Table 2. Hazard ratios and 95% confidence intervals for lung cancer by lifetime days pesticide exposure and intensity-weighted lifetime days, Agricultural Health Study.
Table 3 shows the results of lagging lifetime days of exposure 5 and 15 years. The HRs from lagging lifetime exposure-days by 5 and 15 years were somewhat lower than those from unlagged analyses for pendimethalin and chlorimuron ethyl. The association between dieldrin and lung cancer incidence was not influenced because dieldrin use had ceased before either of these lag periods. No obvious pattern emerged from the lagged analysis of parathion.
Table 3. Hazard ratios and 95% confidence intervals for lung cancer by 5- and 15-year lagged lifetime-days pesticide exposure, Agricultural Health Study.
With an additional 10 years of follow-up and 414 additional first primary, histologically confirmed incident lung cancer cases, we reevaluated the associations between lifetime days and intensity-weighted lifetime days for 43 pesticides and relative risk for lung cancer. Independent AHS pesticide-specific analyses for diazinon (Jones et al. 2015) and metolachlor (Silver et al. 2015) were not included here because these results have been published elsewhere. We found evidence of positive, albeit imprecise, associations with lung cancer for pendimethalin and dieldrin. These two pesticides had elevated HRs in the highest exposure category, but the exposure–response gradients were neither monotonic nor statistically significant. Parathion showed some evidence of increased risk for lung cancer, but the trends were not monotonic, nor were the excesses the largest in the highest quartile of exposure. We observed an increased hazard ratio with the use of chlorimuron ethyl in the highest exposure category. Chlorimuron ethyl use was not associated with lung cancer in a previous AHS analysis (Alavanja et al. 2004). None of the other pesticides (chlorpyrifos, carbofuran, or dicamba) was associated with lung cancer risk in this reevaluation.
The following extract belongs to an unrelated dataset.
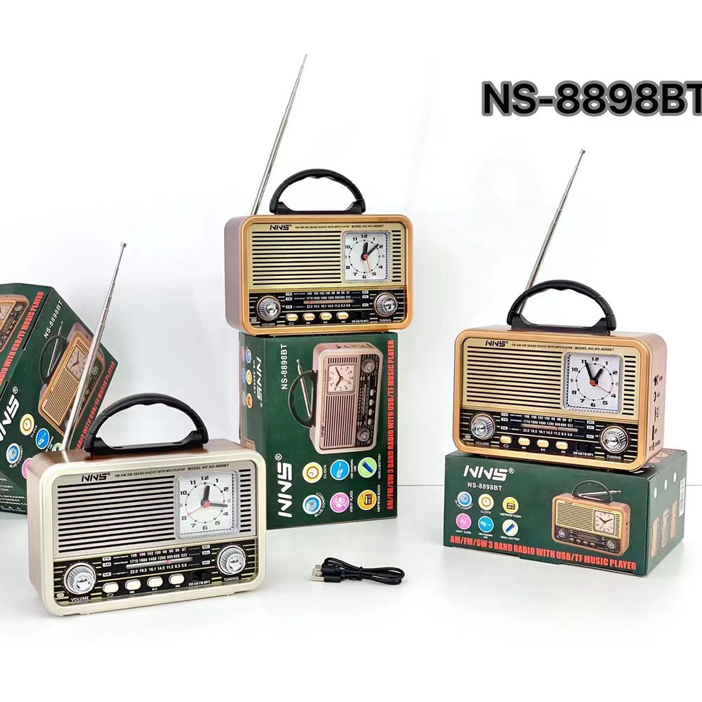 NS-8898BT 카드 라디오 멀티 밴드 FM/AM 휴대용 다기능 휴대용 블루투스 스피커 시계스토어 가기

Pendimethalin has been shown to induce thyroid follicular cell adenomas in rats and is classified as a possible human carcinogen (Group C) by the U.S. Environmental Protection Agency (EPA) (1997). Previous analyses of pendimethalin in the AHS (Alavanja et al. 2004; Hou et al. 2006), however, have been inconsistent. There is limited experimental evidence linking pendimethalin to genotoxicity (Dimitrov et al. 2006) or carcinogenicity in rodents (Weed Society of America 2002). To our knowledge, no epidemiologic studies other than the AHS have investigated pendimethalin use and lung cancer risk. We see only weak evidence for an association from a borderline statistically significant association with lifetime days of use and intensity-weighted lifetime days. The lung cancer excess with pendimethalin use was largely limited to the upper half of the upper quartile, but the exposure–response trends were not statistically significant.
Dieldrin is an organochlorine insecticide that was banned from agricultural use in 1970 by the U.S. EPA, although its use as a termiticide was permitted by the U.S. EPA between 1972 and 1987 (Stern 2014). There are concerns about ongoing low-level exposure because dieldrin is commonly found in hazardous waste sites and is relatively resistant to environmental degradation (Stern 2014). As with the previous analyses of the AHS cohort (Alavanja et al. 2004; Purdue et al. 2007), dieldrin was positively associated with lung cancer, but mainly in the highest tertile of use. Dieldrin has been shown to induce liver tumors in mice, but not in other rodents [International Association for Research on Cancer (IARC) 1987]. The small number of dieldrin-exposed lung cancer cases complicates interpretation here.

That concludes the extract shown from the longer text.